Ⅲ.恋愛期①

 

あくる日、彼女は職場に出かけたのだが、昨日の一件があって職場の男性と会うのが億劫だった。彼女は、どんな顔をして顔を合せたらいいのかわからなかった。
彼女が「おはようございます。」と小さな声で挨拶をすると、すでにその男性社員は職場に来ていた。彼は、彼女が来たことを知ったにもかかわらず、顔を合せるどころか挨拶すらしなかった。

 

彼女とその男性との間には、気まずい雰囲気が流れた。

 

その日から、その男性社員の彼女への嫌がらせが始まった。その嫌がらせは日に日にエスカレートして行き、周りの人たちも気づいていたが、その男性社員がこの店の中核メンバーであったため、誰も何も言えなかった。

彼女は自分が悪いのだと我慢して働いていたが、その男性社員の嫌がらせによる仕事のミスは、店長にも目に突き出して、毎日怒られる日々が続いた。

そんな日々が続いた反面、彼女は職場で働く2人の男性から告白された。彼女にとって、2人ともとても優しく誠実な人だったので、嬉しい気持ちにはなったが、それを受入れる精神的余裕がなかったために、2人とも丁重にお断りをした。

2人の男性は、彼女の返事をきっちと受け止め、その後もいつもと変わらない優しい態度で接してくれた。彼女には、彼らの紳士的な態度が救いだった。これ以上、職場内でぎくしゃくすると精神的にもたないと思った。

しかし、あの男性社員の嫌がらせは、終わることなく続いた。店長にはわからないように巧みに嫌がらせをした。とうとう彼女は店長から呼ばれ、この仕事が向いていないと言われた。それは事実上の退職勧告だった。

彼女はこの時すでに、頑張れる気力も精根も尽きていて、この職場を去ることを決意したのだった。



彼女は食べるために、次の仕事を探さなければならなかった。

求人情報に目を通していた彼女は、時給もよく、女性スタッフ多数在籍という文句に魅かれて、パチンコ店で働くことになった。

手取り給料は、前の職場よりも多くもらえた。しかし、思っていた以上に重労働で、しかも長時間労働の上に休日も人がいないからとほぼ休まず出勤していた。

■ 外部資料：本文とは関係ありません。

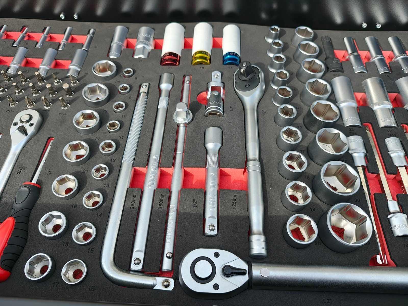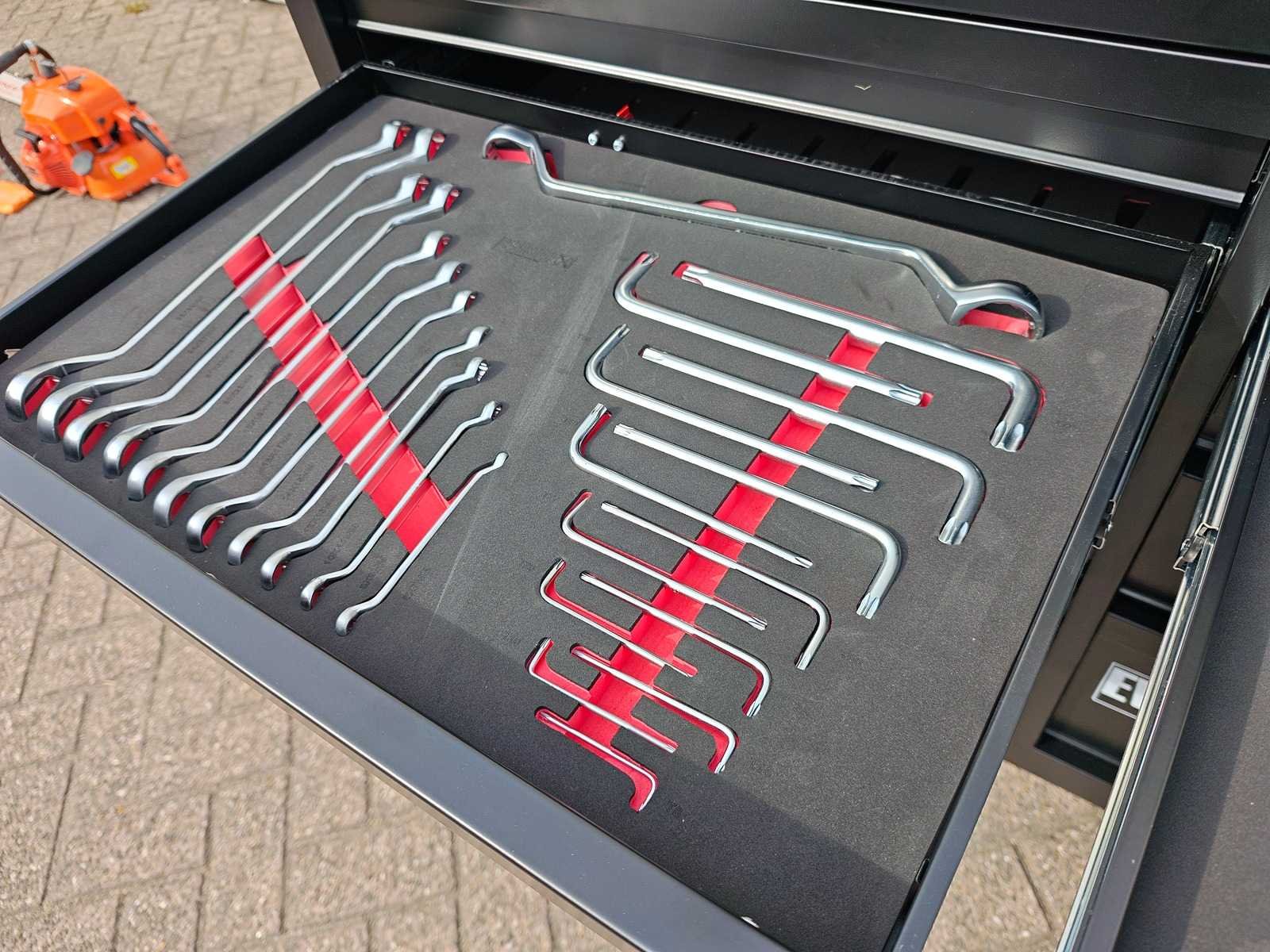Professionele gereedschapswagen 14 laden, gevuld met gereedschap voor alledaags gebruik, ongebruikt in doos Nee Merk: Eversteel Type: Profi XXL Bouwjaar: 2025 Aantal laden: 14 Met inhoud: true Eigen gewicht: 160kg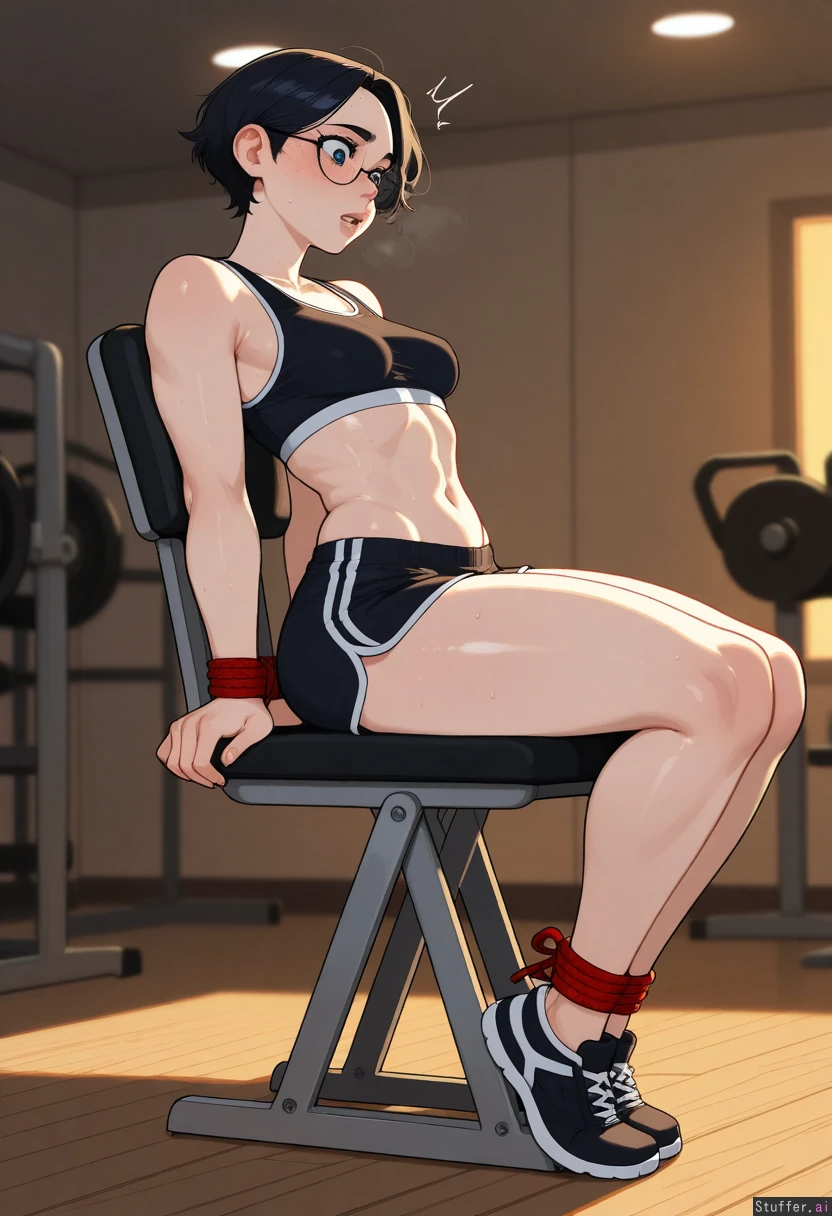 (highly detailed, best quality), (perfect anatomy, perfect proportions), (perfect lighting, warm lighting, vibrant colors, shadow, perfect shading), (beautiful face, beautiful eyes), (Krekkov (artist), KAMII MOMORU (artist), blushspicy, betterwithsalt) one girl, solo gym, golden hour lighting ((Asian girl), (black hair, short hair), (blue eyes, thin eyes), (pale skin, shiny skin, freckles), (adult, tall woman), (full lips), (black gym shorts, black sports bra, glasses) blushing, aroused, shocked, panting, sweating, shy, exhausted, desperately hungry, stomach growlng (slender, muscular body, athletic body, abs), (small breasts, perky breasts), (narrow waist), (narrow hips), (muscular arms, muscular legs) full body, side view, sitting on weight machine, arms tied to chair, legs tied to chair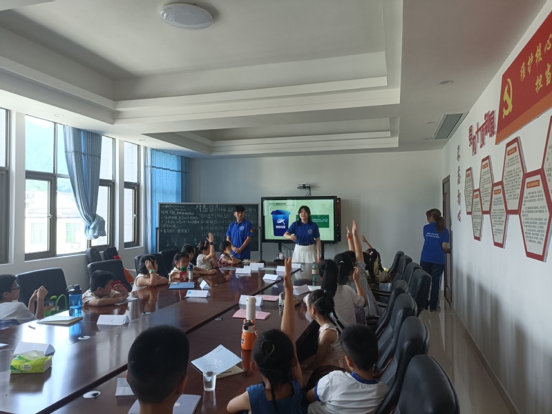 下午,支教队员们开展了环境保护主题教育和歌曲教唱活动。支教队员马文杰从低碳生活为切入点,通过案例分析讲解了大气污染、光污染等系列环境问题,从而引出一系列的环保方式,并通过生动有趣的动画视频让小朋友们深刻认识到了环境保护的重要性,引导小朋友学会垃圾分类,提升了孩子们保护环境的意识。歌曲教唱环节中,支教队员通过视频展播和逐句分解教唱歌曲《夜空中最亮的星》,小朋友们将之前所学习到的音阶唱法训练和音准训练方法应用到歌曲的学习当中,快速地掌握歌曲并完成了与支教队员们的合唱,收获了满满的掌声。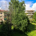 The apartment is spread over a generous square footage: the entrance opens onto a large living room with original wooden floor, which retains all the charm of the period. From here there is access to a comfortable terrace overlooking the park, ideal for relaxing moments with the family.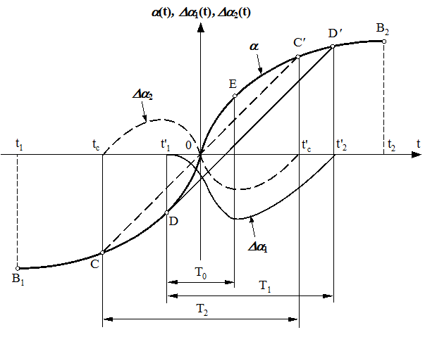 Рассмотрим этот эффект на примере азимутальной плоскости. На рисунке 3 показано изменение азимута ИСЗ a (кривая B 1 B 2 ) и рассогласований Da 1 и Da 2 от времени для двух стратегий прохождения антенной особых точек (области зенита). Начало координат соответствует b = P. Момент времени t 1 соответствует выходу ИСЗ из-за горизонта, t 2 - заходу за горизонт (b = 0). Точки B 1 и B 2, а также моменты времени t 1 и t 2 соответствуют аналогичным на рис. 2.

ほぼ毎日お店と家の往復で、たまの休みはほとんど寝て過ごした。そうしないと体がもたなかった。

 

ある時、店に来る常連の男性から食事に誘われた。前々から何度も食事に誘われていたが、休みがなく行きたいと思っていてもその時間が取れなかった。

だがこの時は、次の日が休みだったことを思い出し、彼女は息抜きもしたくなり、食事だけならいいかと、安易な気持ちでその男性と食事に行く約束をしたのだった。